The 62-page report, which fine-tunes the city’s interim strategy, released in June, includes 17 recommendations and 71 actions “to advance equity, opportunity and prosperity for all Toronto residents.”

The final report also features 17 measurement tools or “indicators” to track progress on the strategy’s six areas for action, including housing stability, access to services, transit equity, access to healthy food, quality jobs with livable incomes and systemic change.

Indicators include:

The report’s 20-year framework calls on city staff to produce annual work plans and four-year “term action plans.” Progress reports at the end of each year and term of council will hold politicians to account, McConnell said.

“The goal is to make this part of the city’s DNA,” she said. “Staff come and go. Councillors come and go. But poverty continues. So you need to have a framework and a road map that outlives everyone.”
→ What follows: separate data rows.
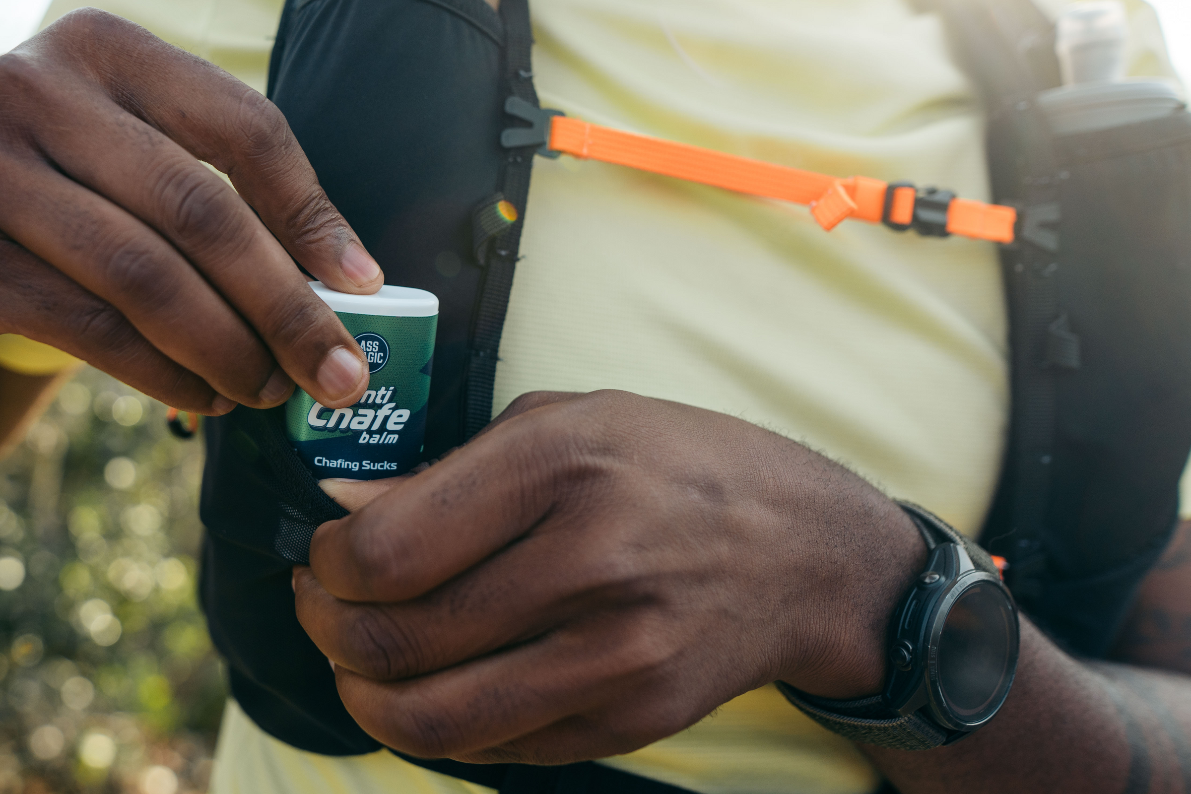 The ASS MAGIC Anti-Chafe balm is sweat and water-resistant, offering long-lasting protection for up to several hours - even during ultra-endurance events. Apply once and generously before your run and reapply only as needed. For efforts longer than 4-5 hours, we do recommend having some on hand to reapply. We have launched our new Anti-Chafe Balm Mini-Me for just this use case - perfect for squeezing into your running belt or pack.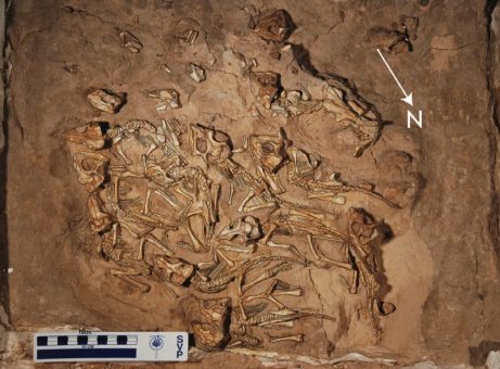 بحسب ترجمة “وطن”، في عام 2011، اكتشف عالم الحفريات ديفيد فاستوفسكي وفريقه اكتشافًا رائعًا في منغوليا. إنها أحفورة عش كامل، قطره حوالي 70 سم، ولكن على عكس معظم أعشاش الديناصورات التي تحتوي على بيض. نجد في هذا العش بقايا ديناصورات، حوالي خمسة عشر هيكل عظمي لصغار الديناصور من نوع بروتوسيراتوبس مفصلية بالكامل، مع وجود جميع الجماجم في نفس الاتجاه. عشرة منهم كانت كاملة. كلهم في نفس فترة النضج الجسدي.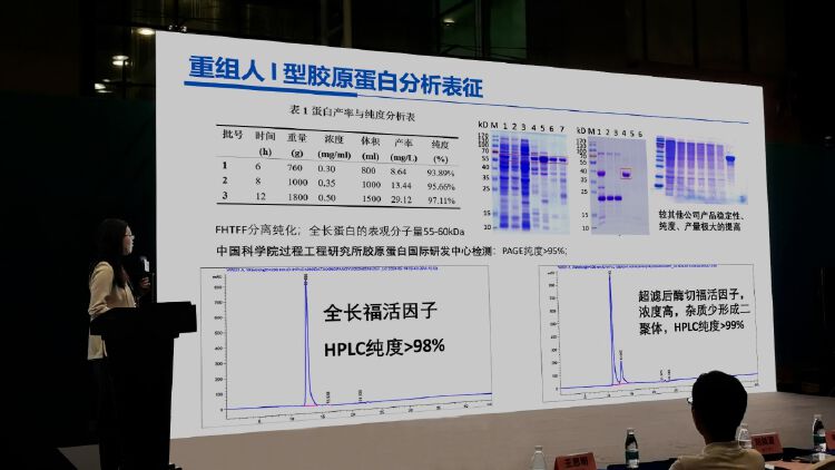 胶原蛋白因其独特的生物相容性和多种功能特性,在医疗和美容领域应用广泛,但其多样性和复杂性也给质量控制带来挑战。中国科学院张贵锋研究员团队通过生物质谱技术,筛选不同类型胶原蛋白的特征多肽,成功实现分子水平溯源。这种高通量质谱定量分析方法,能够准确地鉴定和定量不同种属、亚型的胶原蛋白,能在低至2ng/ml、3ng/g和2ng/g的浓度下,对液体、膏状和凝胶敷料中的胶原蛋白进行痕量检测。张贵锋团队高建萍博士,还展示了中国科学院胶原蛋白国际研发中心对福莱明生物原研创新的福活因子(重组I型人源化胶原蛋白)、融合因子(重组类胶原蛋白)的分析研究,表征结果显示:福活因子不仅PAGE电泳纯度高于95%,HPLC液相色谱纯度更是达到99%以上。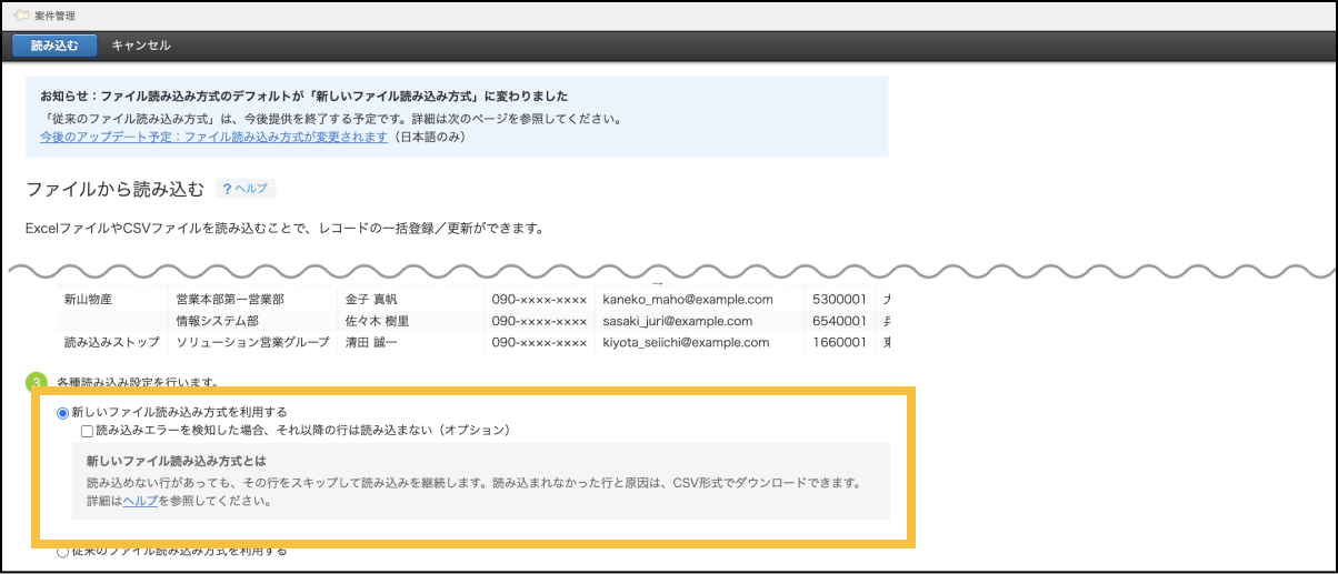 ファイル読み込み画面で、デフォルトで選択される読み込み方式が「新しいファイル読み込み方式」になりました。これまでは、デフォルトで従来のファイル読み込み方式が選択されていました。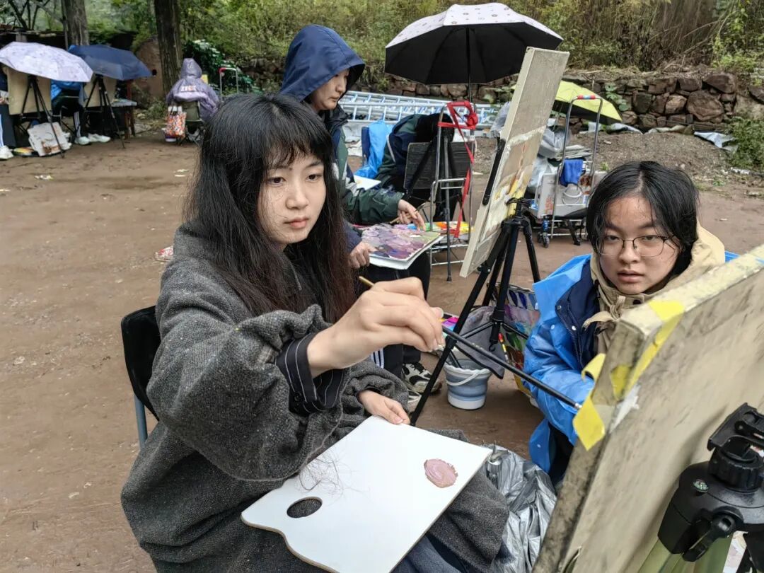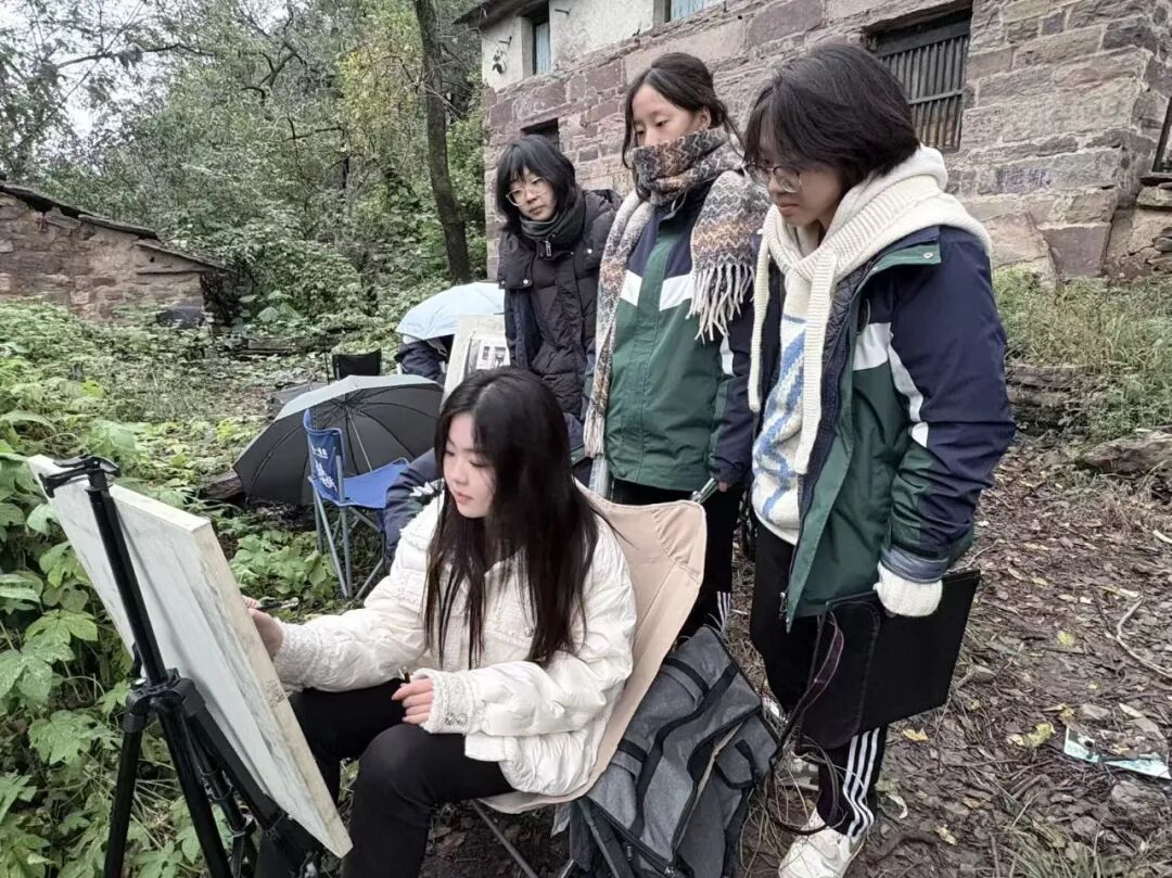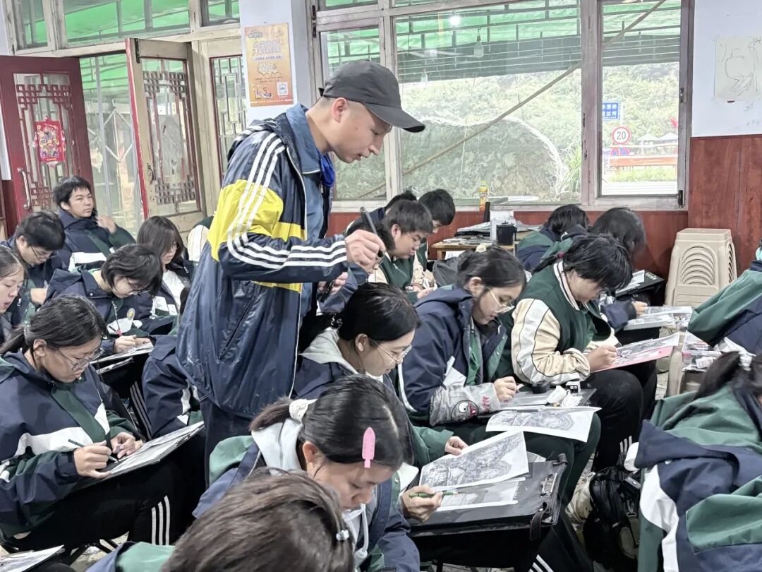 峡谷天光,阴晴难测,流云翻涌,瞬息变幻。然美术先生们兀自岿然,固守其位,无惧风雨晴晦之反复。当丽日破云,金辉遍洒,他们便将学生们聚拢在一起,就绘画中的共症通病,一一释疑解惑。学生们或凝神静听,或交相论辩,于师长的点拨与同学的切磋中豁然开朗。继而,那悟得的点滴,便化作笔尖沙沙,悄然染就于素纸之上。若逢阴雨缠绵,霏霏不绝,老师们亦惜时如金,不教分秒虚掷。或执学生画稿,俯首细审,逐幅点评,殷殷反馈如琢如磨;或谆谆教诲,其声切切,似春日草间虫鸣,萦绕耳际;或声声勉励,其情真真,若炎夏穿林凉风,沁人心脾,抚平烦扰。此间所付,在师者为心血,在学者则为滋养——寸阴不弃,春华秋实。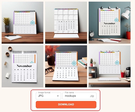 6. To bulk download the mockups to your computer, choose the image format (PNG, JPG, WebP), assign a name to the file and click on the ‘Download’ button to download them in Zip file format.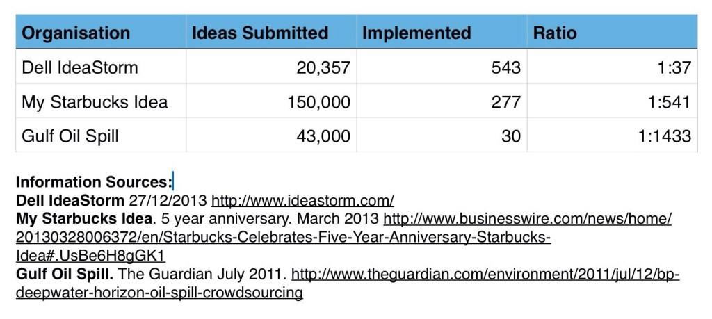 A implementation ratio of roughly 1:1433. Not a great return on investment, for anyone. Maybe it would have been different if there had been lots of little schemes instead of something centrally administered? You can read more on this and my thoughts on crowdsourcing here; ‘You’ve got to move a lot of muck to find the golden nugget’.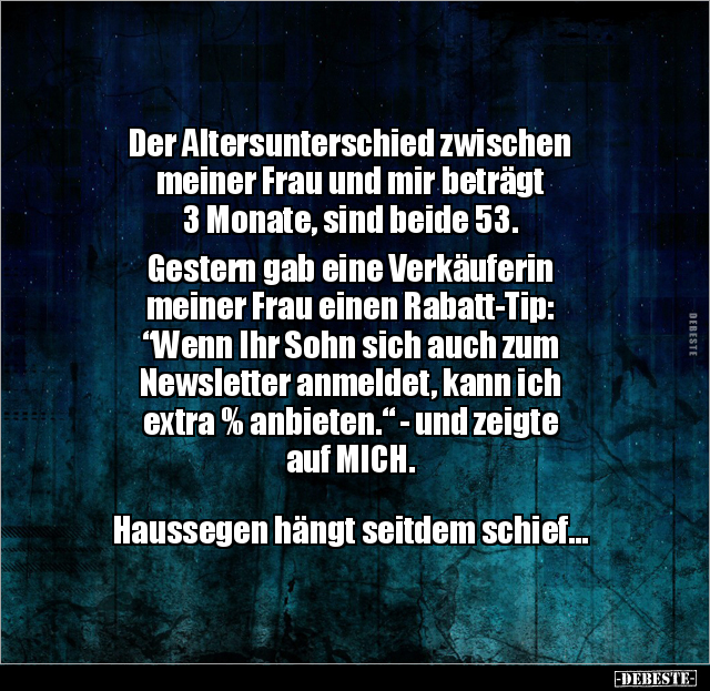 Der Altersunterschied zwischen meiner Frau und mir beträgt 3 Monate, sind beide 53. Gestern gab eine Verkäuferin meiner Frau einen Rabatt-Tip: “Wenn Ihr Sohn sich auch zum Newsletter anmeldet, kann ich extra % anbieten.“ - und zeigte auf MICH. Haussegen hängt seitdem schief...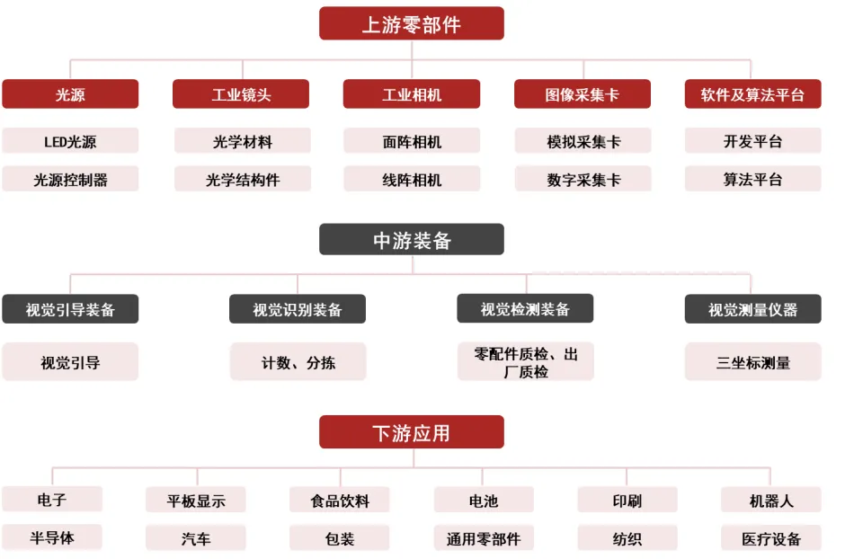 机器视觉产业链可分为上游软硬件、中游制造、下游应用。

The report also recommends the creation of an “accountability table” to help monitor the strategy’s implementation and effectiveness. Membership would be drawn from community groups, residents, business, labour, academia, funding institutions as well as individuals living in poverty.

McConnell praised “the thousands” of community members living in poverty who helped craft the plan during more than 100 meetings and through more than 600 online questionnaires over the past year.

“That’s a dialogue we need to continue to foster,” she said. “The people who are the experts in poverty are really the people who have lived it.”